Say, if you train a machine learning classifier C1 to recognise class Y1 from features F1,...,Fn, you can't then take the model of Y1 built by C1 and give it to a different classifier, C2, as a feature in a new feature vector Fn+1,...,Fn+k to learn a different class, Y2.

When you train a statistical machine learning classifier - let's take a simple linear model as an example, for simplicity; what you get in the output is a vector of numbers- parameters to a function. That's your model.

You can't use this vector of numbers as a feature. It is not the value of any one attribute - it's a set of parameters. So you can't just add it to your existing features, because your features are the values of attributes and the model is a set of parameters meant to be combined with those attributes.

What you can do is take your newly trained model and label the instances you have so far with the class labels the model can assign to them.

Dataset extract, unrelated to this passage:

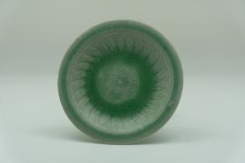 พานกระเบื้องเคลือบสีเขียวหยก
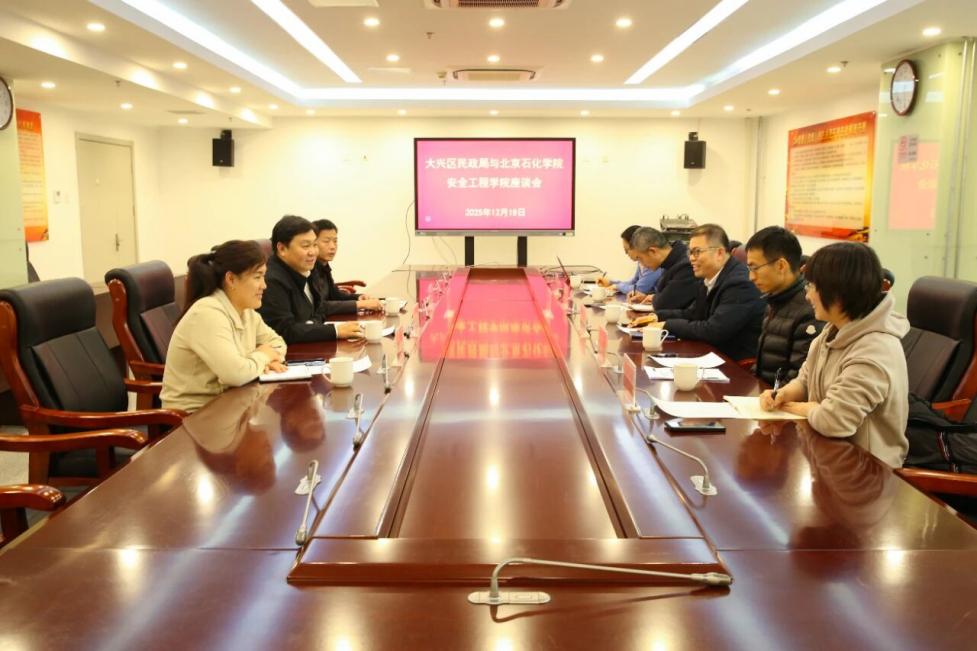 为深化党建与业务工作深度融合,充分发挥学科专业优势,助力属地筑牢安全应急保障防线,2025年12月18日,安全工程学院赴大兴区民政局开展调研座谈。大兴区民政局党组成员、四级调研员郑阳,安全负责人何福星及一线安全检查人员,我校安全工程学院党委副书记刘化龙、副院长吕鹏飞、安全工程系主任杨凯、研究生支部书记宋冰雪、孟倩倩老师参加座谈。

Now, that's a pipeline alright. For instance, if you had a linear model with features "height" and "weight" and learned to label instances with "1" for male and "-1" for female, you could then go through your data, label every instance with a "1" or "-1" and then train again to learn a model of "age". At that point you have a new feature that is not the concept you learned in a previous session, but only a subset of that concept. Now you can try to learn a new concept from this new set of features, but the original concept ("sex") may or may not be part of it. It may turn out that "sex" is not necessary for learning "age" (it's redundant); or, it may be necessary, but in that case you have to learn the concept of "sex" all over again as part of learning "age".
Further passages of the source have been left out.